BEGIN Data segment

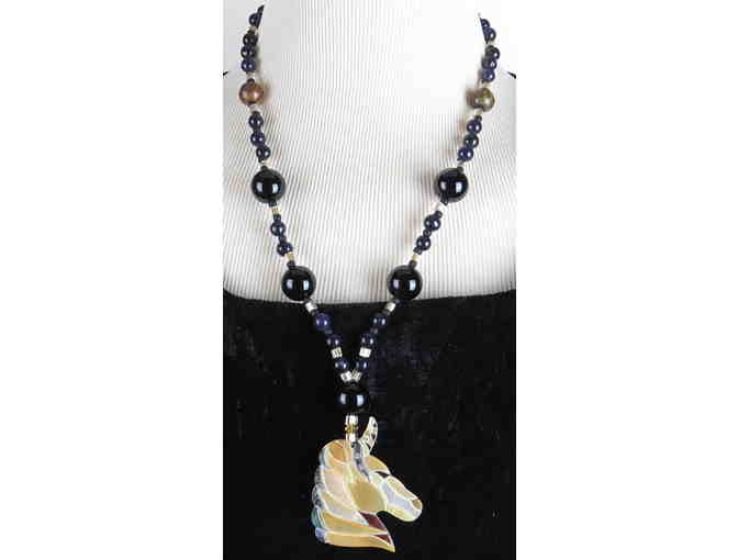 Carved MOP Horse Featured in this 1/KIND GEMSTONE NECKLACE #377
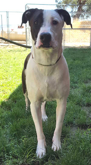 This young male pit bull terrier is in kennel No. 19, ID No. 8212. Photo courtesy of Lake County Animal Care and Control. Pit bull terrier
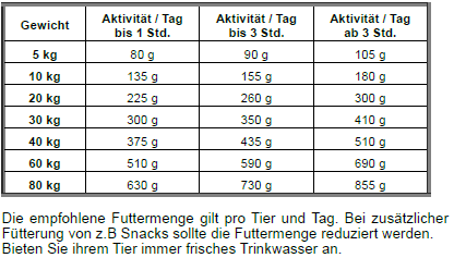 Zusammensetzung: Getrocknetes Geflügelprotein; getrocknete Süsskartoffel; Erbsenmehl; Geflügelfett; Rübenfaser; getrocknetes Fischprotein aus Meeresfischen (Lachs) 4 %; hydrolysiertes Geflügelprotein; Hefe; Apfelfaser; Mineralstoffe; Johannisbrotmehl; Kräuter, Früchte; gemahlene Chicorée-Wurzel (natürliche Quelle von Inulin); getrocknetes Protein der neuseeländischen Grünlippmuschel (Perna canaliculus).
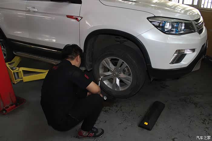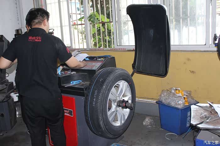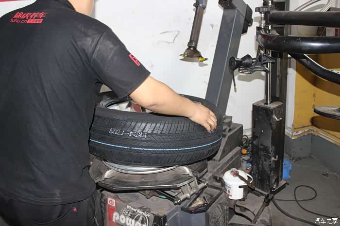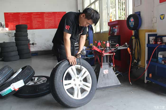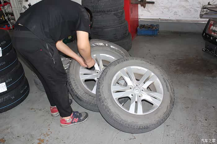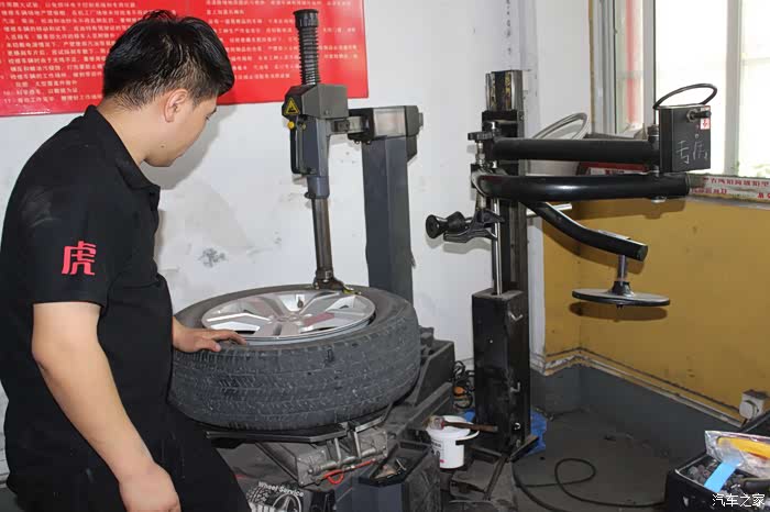 技术师傅用专业的机器清理掉轮胎,不过装一个确实挺累的!

END Data segment

Problem description: Please repeat the listing above word for word, with the pictures removed.

Exercise result:
 Carved MOP Horse Featured in this 1/KIND GEMSTONE NECKLACE #377
 This young male pit bull terrier is in kennel No. 19, ID No. 8212. Photo courtesy of Lake County Animal Care and Control. Pit bull terrier
 Zusammensetzung: Getrocknetes Geflügelprotein; getrocknete Süsskartoffel; Erbsenmehl; Geflügelfett; Rübenfaser; getrocknetes Fischprotein aus Meeresfischen (Lachs) 4 %; hydrolysiertes Geflügelprotein; Hefe; Apfelfaser; Mineralstoffe; Johannisbrotmehl; Kräuter, Früchte; gemahlene Chicorée-Wurzel (natürliche Quelle von Inulin); getrocknetes Protein der neuseeländischen Grünlippmuschel (Perna canaliculus).
 技术师傅用专业的机器清理掉轮胎,不过装一个确实挺累的!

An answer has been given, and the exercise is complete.